Type of Document Dissertation
Author Statnikov, Alexander Romanovich
Author's Email Address alexander.statnikov@vanderbilt.edu
URN etd-12042008-121803
Title Algorithms for discovery of multiple Markov boundaries: application to the molecular signature multiplicity problem
Degree PhD
Department Biomedical Informatics
Advisory Committee
Advisor Name Title
Constantin F. Aliferis Committee Chair
Daniel R. Masys Committee Member
Douglas P. Hardin Committee Member
Gregory F. Cooper Committee Member
Ioannis Tsamardinos Committee Member
Keywords
  • variable selection
  • Markov boundary
  • gene expression microarray
  • high-throughput molecular data
  • signature multiplicity
  • classification
  • molecular signature
Date of Defense 2008-08-26
Availability unrestricted
Abstract
Algorithms for discovery of a Markov boundary from data constitute one of the most important recent developments in machine learning, primarily because they offer a principled solution to the variable/feature selection problem and give insight about local causal structure. Even though there is always a single Markov boundary of the response variable in faithful distributions, distributions with violations of the intersection property may have multiple Markov boundaries. Such distributions are abundant in practical data-analytic applications, and there are several reasons why it is important to induce all Markov boundaries from such data.

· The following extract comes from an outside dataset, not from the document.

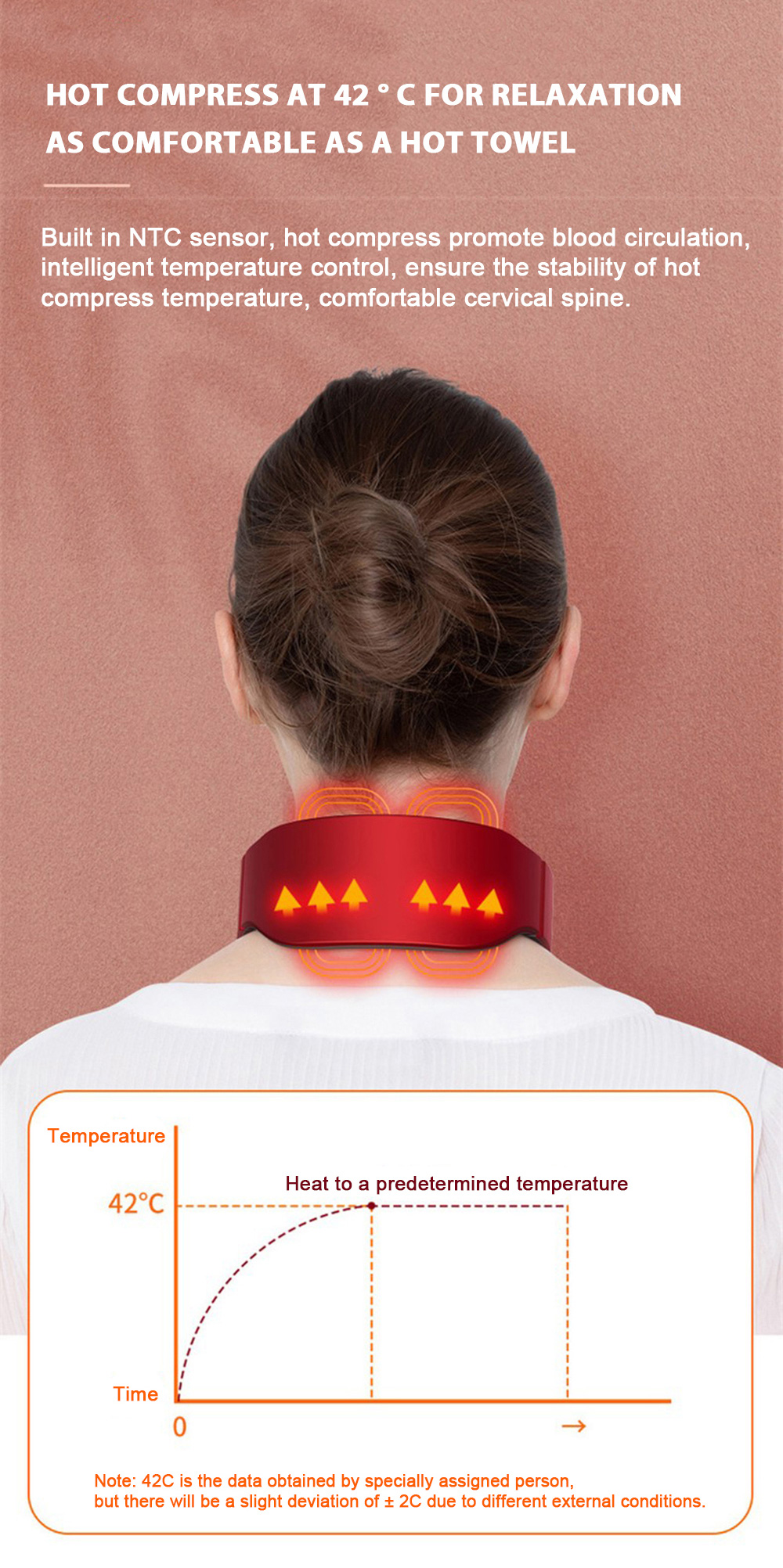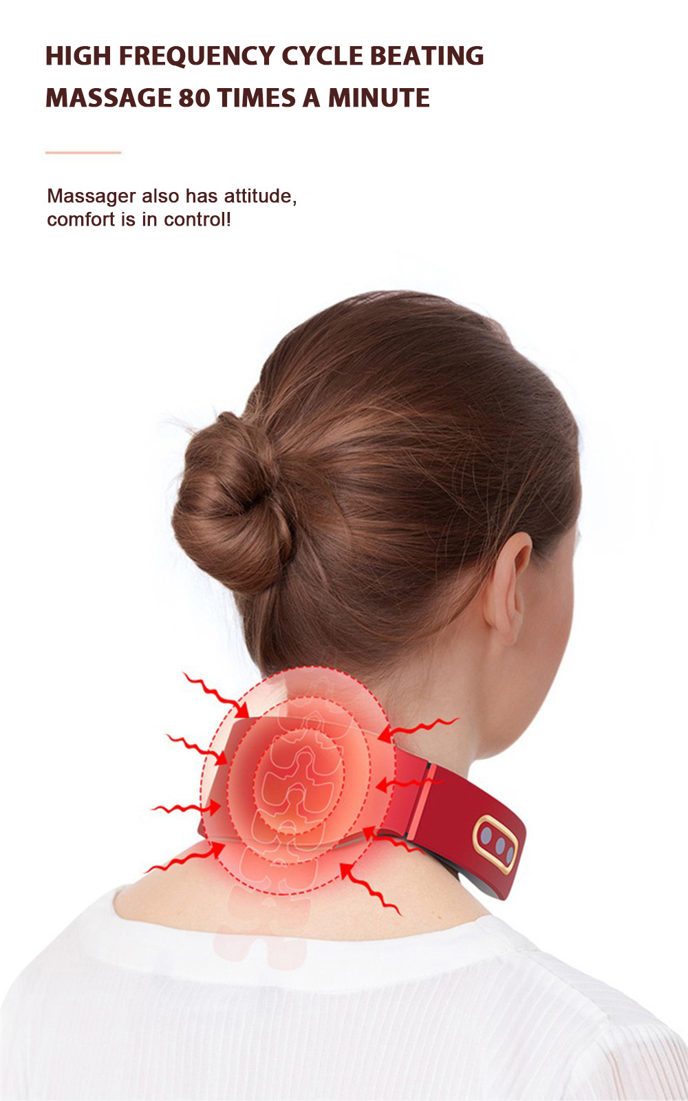 【Upgraded Technology】Built-in magnetic stones care for health, TENS pulse gets deeply into the muscle for full massaging. Along with the 38-42℃ hot compress function, it ensures deep and comprehensive massage.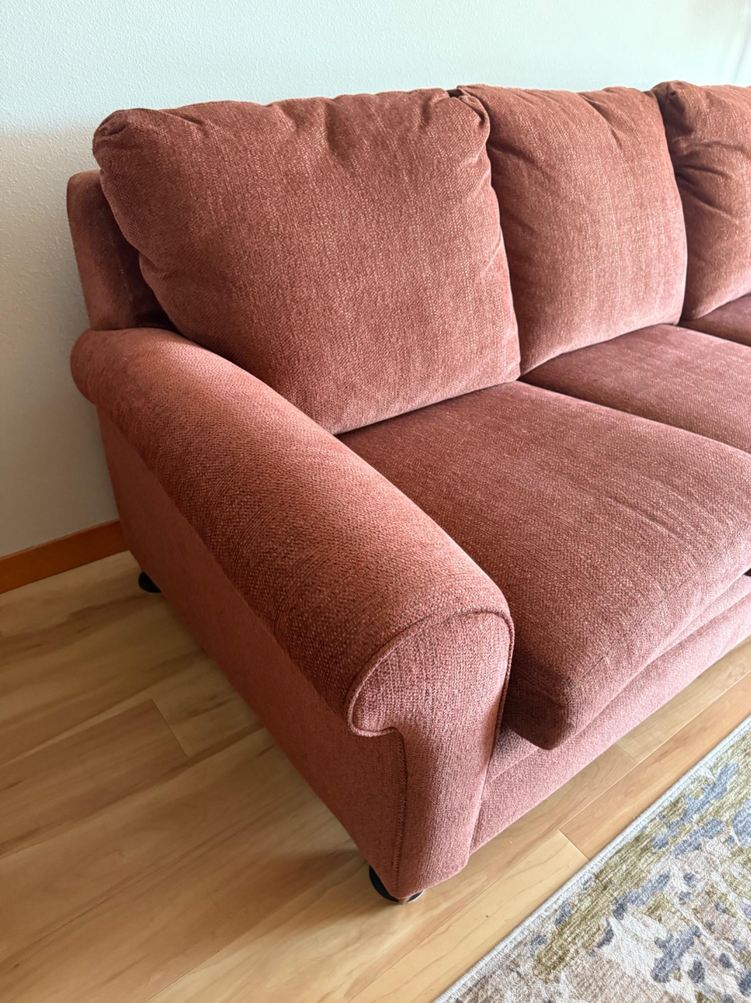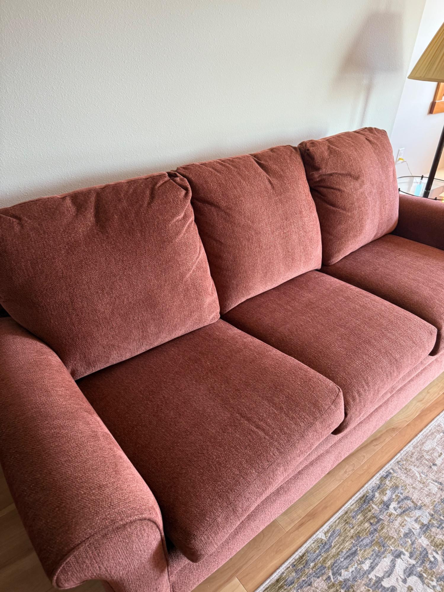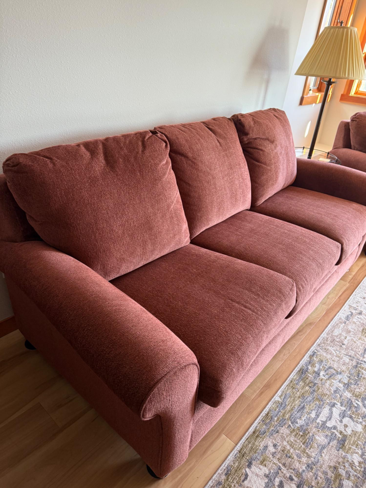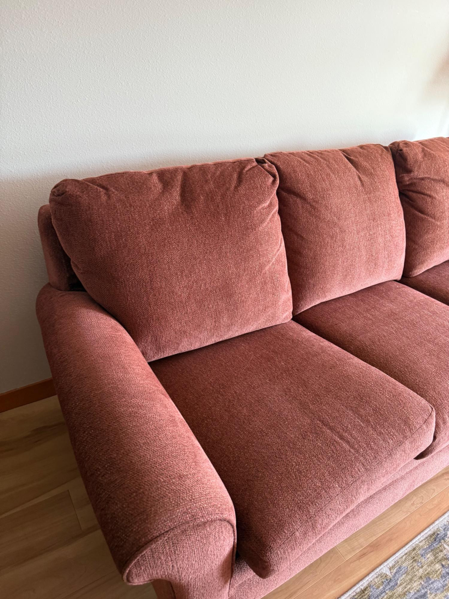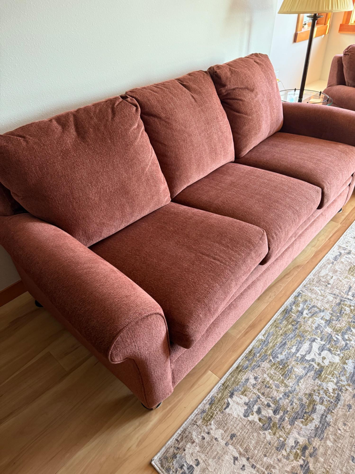 Spacious and stylish La-Z-Boy 3-seater sofa measuring 86” long, 36” wide, and 38” tall 21.5" Deep cushions, with seat cushions 21.5” deep. Comes with two decorative floral pillows for added charm. Perfect for any living room, this sofa combines comfort and elegance in a timeless design. A high-quality addition to your home! Bidding on this lot is an agreement that: (1.) You will have 2 capable, able-bodied persons to lift and load at a minimum. (2.) You will bring a hand truck and/or any other tools needed to remove this item. If these steps are not followed your item will be forfeited and no refund given.

However, there are currently no practical algorithms that can provably accomplish this task. To this end, I propose a novel generative algorithm (termed TIE*) that can discover all Markov boundaries from data. The generative algorithm can be instantiated to discover Markov boundaries independent of data distribution. I prove correctness of the generative algorithm and provide several admissible instantiations. The new algorithm is then applied to identify the set of maximally predictive and non-redundant molecular signatures. TIE* identifies exactly the set of true signatures in simulated distributions and yields signatures with significantly better predictivity and reproducibility than prior algorithms in human microarray gene expression datasets. The results of this thesis also shed light on the causes of molecular signature multiplicity phenomenon.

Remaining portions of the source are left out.